WHAT THE EXERCISE ASKS — Return exactly the span of lines in the following data that opens with the line containing "Color: mint blue" and closes with the line containing "Charmant cottage de". Include nothing else.

EXCERPTED DATA —
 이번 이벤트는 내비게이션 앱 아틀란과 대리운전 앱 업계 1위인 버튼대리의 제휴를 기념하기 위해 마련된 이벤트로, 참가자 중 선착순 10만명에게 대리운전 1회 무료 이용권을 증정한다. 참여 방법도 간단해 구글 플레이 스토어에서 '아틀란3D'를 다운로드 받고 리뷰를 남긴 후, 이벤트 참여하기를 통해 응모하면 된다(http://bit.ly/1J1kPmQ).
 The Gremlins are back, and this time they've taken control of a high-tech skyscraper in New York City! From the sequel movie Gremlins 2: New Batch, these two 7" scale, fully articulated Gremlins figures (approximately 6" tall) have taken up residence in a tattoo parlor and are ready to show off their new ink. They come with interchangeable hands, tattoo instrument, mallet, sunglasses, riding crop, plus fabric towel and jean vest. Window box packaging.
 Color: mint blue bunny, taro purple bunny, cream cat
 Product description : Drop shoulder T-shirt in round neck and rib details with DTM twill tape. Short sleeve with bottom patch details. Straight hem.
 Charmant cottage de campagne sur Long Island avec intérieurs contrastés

==

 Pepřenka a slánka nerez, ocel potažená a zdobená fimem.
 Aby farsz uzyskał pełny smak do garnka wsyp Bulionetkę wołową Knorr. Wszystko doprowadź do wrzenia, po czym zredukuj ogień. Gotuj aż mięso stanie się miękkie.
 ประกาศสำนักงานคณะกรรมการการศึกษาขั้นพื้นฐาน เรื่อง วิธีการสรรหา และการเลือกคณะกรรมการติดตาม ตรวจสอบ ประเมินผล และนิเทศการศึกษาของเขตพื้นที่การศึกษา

...

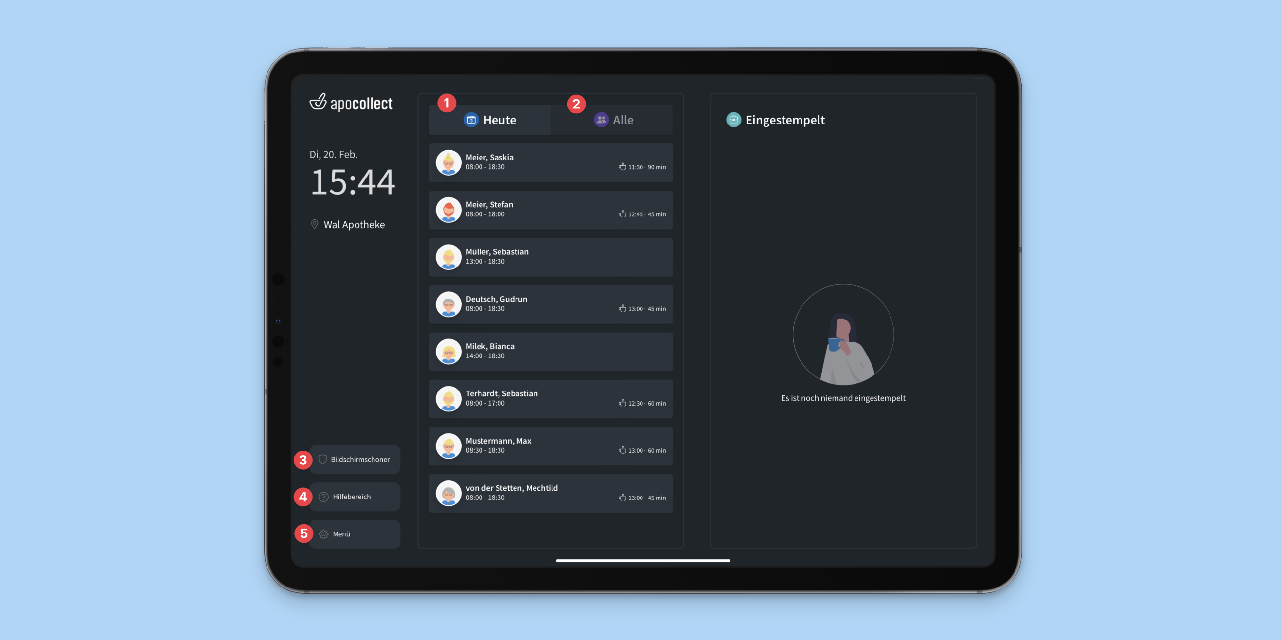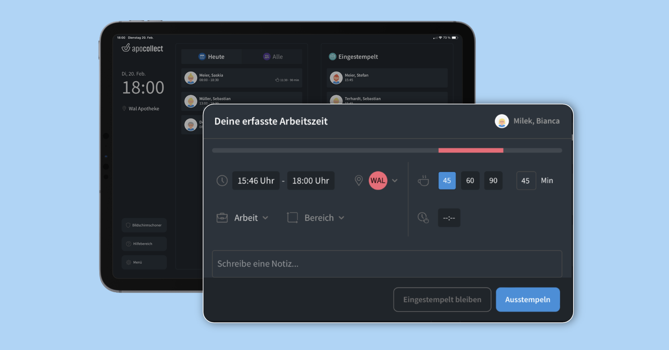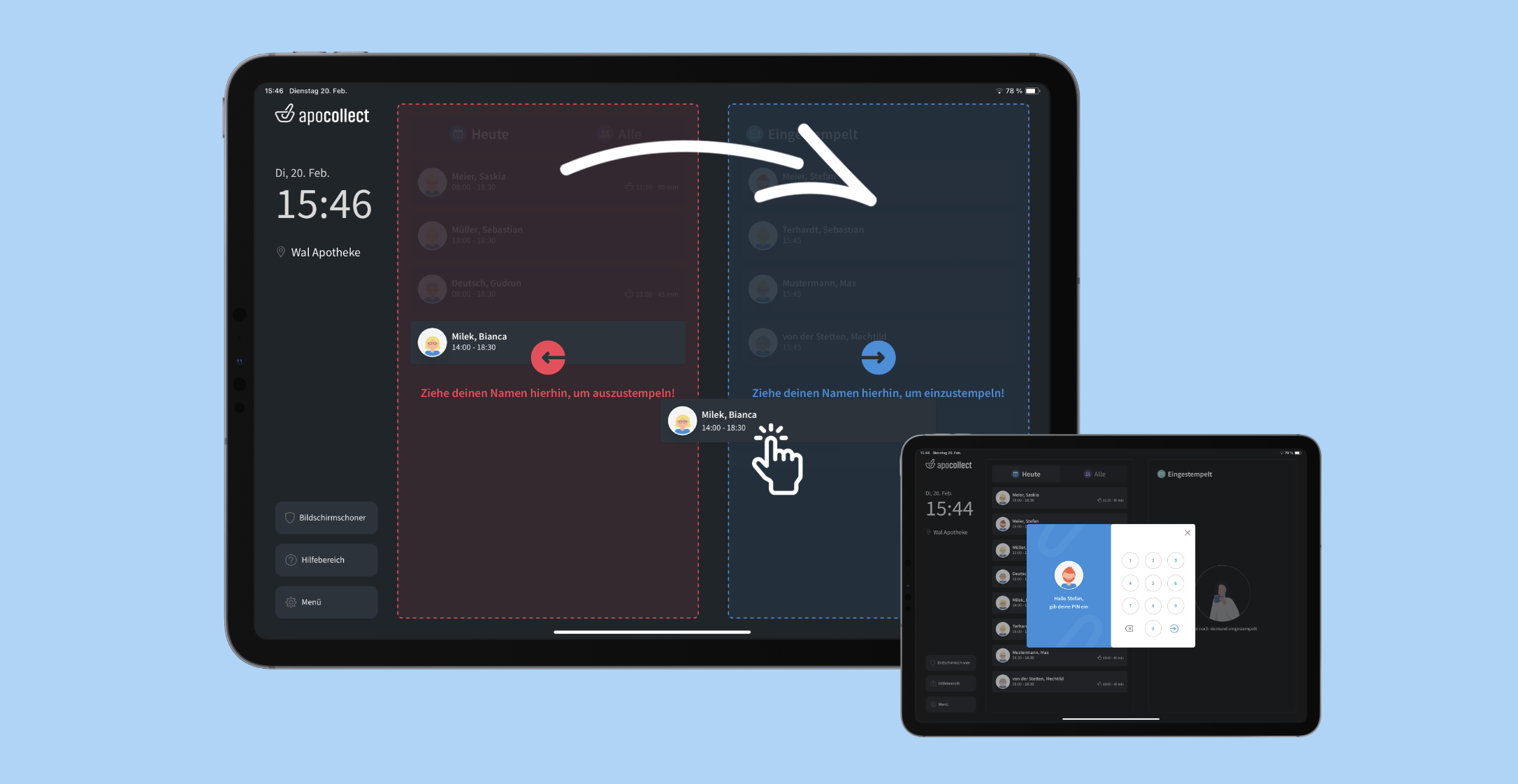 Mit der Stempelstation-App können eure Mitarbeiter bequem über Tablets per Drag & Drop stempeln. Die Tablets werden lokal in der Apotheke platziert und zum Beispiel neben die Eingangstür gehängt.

SOLUTION TO THIS TASK —
 Color: mint blue bunny, taro purple bunny, cream cat
 Product description : Drop shoulder T-shirt in round neck and rib details with DTM twill tape. Short sleeve with bottom patch details. Straight hem.
 Charmant cottage de campagne sur Long Island avec intérieurs contrastés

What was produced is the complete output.